COMBINE-lab / salmon

🐟 🍣 🍱 Highly-accurate & wicked fast transcript-level quantification from RNA-seq reads using selective alignment
https://combine-lab.github.io/salmon
GNU General Public License v3.0
773 stars 162 forks source link

Question on UMI deduplication / quantification of 3' tag data from bulk samples #306

Open tomsing1 opened 5 years ago

tomsing1 commented 5 years ago

tl;dr: 3-tag sequencing methods for bulk RNA samples contain known sample indices and UMIs and thus resembles sc-RNA-seq read formats. Do you have a recommendation on how to use Salmon and / or Alevin to quantify gene expression for this data type?

Congratulations on the recent alevin preprint! The new algorithm to deduplicate UMIs looks awesome. I am wondering if you had a recommendation on how to leverage it for 3' tag sequencing of bulk samples.

There are a number of protocols that focus on the 3' ends of transcripts to allow for cheap quantification of gene expression, e.g.

These methods combine conventional (known) sample-indices to label samples (or wells) with unique molecular identifiers (UMIs). (I found one question on this topic in the salmon issue tracker from back in 2016)

Here is the Drug-seq approach, for example:

Drug-seq

The resulting read data resembles that of single-cell approaches and requires deduplication of UMIs and quantification based on reads with a strong 3' bias. It seems analysis of this data could benefit a lot from the algorithms implemented in Alevin.

Can this data be analyzed with Salmon and / or Alevin? Are there any pitfalls that I should be aware off?

Many thanks for any feedback - and thanks again for making these great tools available to the community.

k3yavi commented 5 years ago

Hi @tomsing1 , Apologies for the slow response, I was out of country for a while.

Thanks for your kind words and starting a very interesting suggestion. It’s fascinating to see, how methods being used in single-cell RNA-seq is coming full circle back to the bulk RNA-seq experiments. We have to do some more digging to say clearly about the caveats of using Alevin with the mentioned 3’ bulk RNA-seq experiments but given the understanding from the picture of the shared image we don’t see any obvious show stoppers; although below mentioned concerns should be kept in mind while using Alevin for bulk data deduplication:

Alevin solves the problem pretty well for protocols where fragmentation of the cDNA molecule happens post PCR amplification. There might be some concerns about over-deduplication of the UMI if fragmenation happens before amplification. Although in current form, Illumina sample index can be given as an external whitelist to Alevin but user should be aware that Alevin performs a sequence correction step before starting any optimizations. Alevin is designed for droplets based protocols, where one end of Paired end read is just the CB/UMI (i.e. no read sequence) and therefore Alevin can’t optimally use the full paired end information of the bulk 3' protocol if its both end has read-sequence for example the ambiguous mapping resolution based on a previously/empirically known approximate fragment length.

We would be more than happy to help/discuss, how does the results look in bulk 3’ tagged protocols or if you have particular suggestions about what improvements can be done in Alevin.

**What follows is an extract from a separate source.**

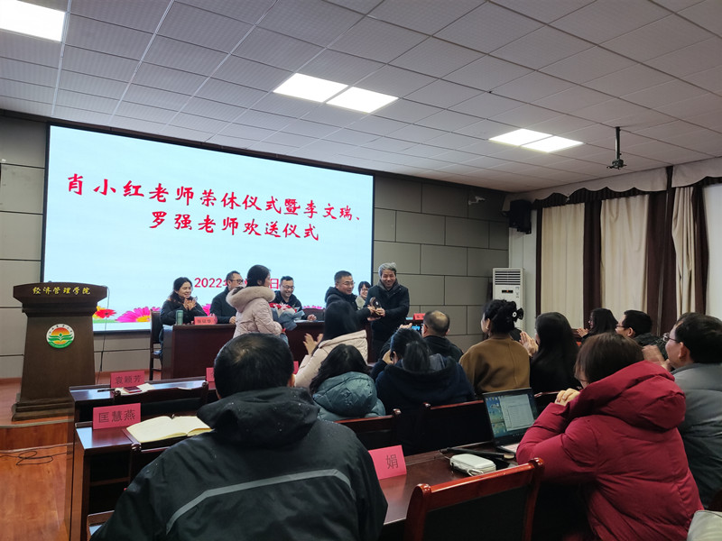 会议伊始,学院领导及全体教师为肖小红老师举办了荣休仪式,为李文瑞、罗强老师举办了欢送仪式,感谢他们为公司发展建设作出的积极贡献。

antgomo commented 5 years ago

I am also interested in this approach. I have paired-end bulk-RNAseq with UMIs in order to avoid duplicates. I have three fastq's per sample : 1 UMI, 2 and 3 paired-end FASTQ My aim is if I can use alevin in this way

salmon alevin -l ISR -1 UMI.fq.gz -2 Sample_read_1.fq.gz Sample_read_2.fq.gz

Thanks in advance

ChenfuShi commented 5 years ago

Is there any plan to support this in salmon? We also have data generated using the quant-seq with UMIs and we have quite a few duplicates. What would you do? Thanks!

nsmackler commented 4 years ago

I second this. Any chance this will be possible? All it requires is passing a UMI fastq and a R1 (or R2) fastq from the 3' sequence. The additional bells and whistles for cellular barcodes can be dropped, so basically it's like a combination of salmon align and alevin to remove duplicate UMIs from reads mapped to the same gene/transcript.

karl616 commented 3 years ago

I would also be interested in a feature like this.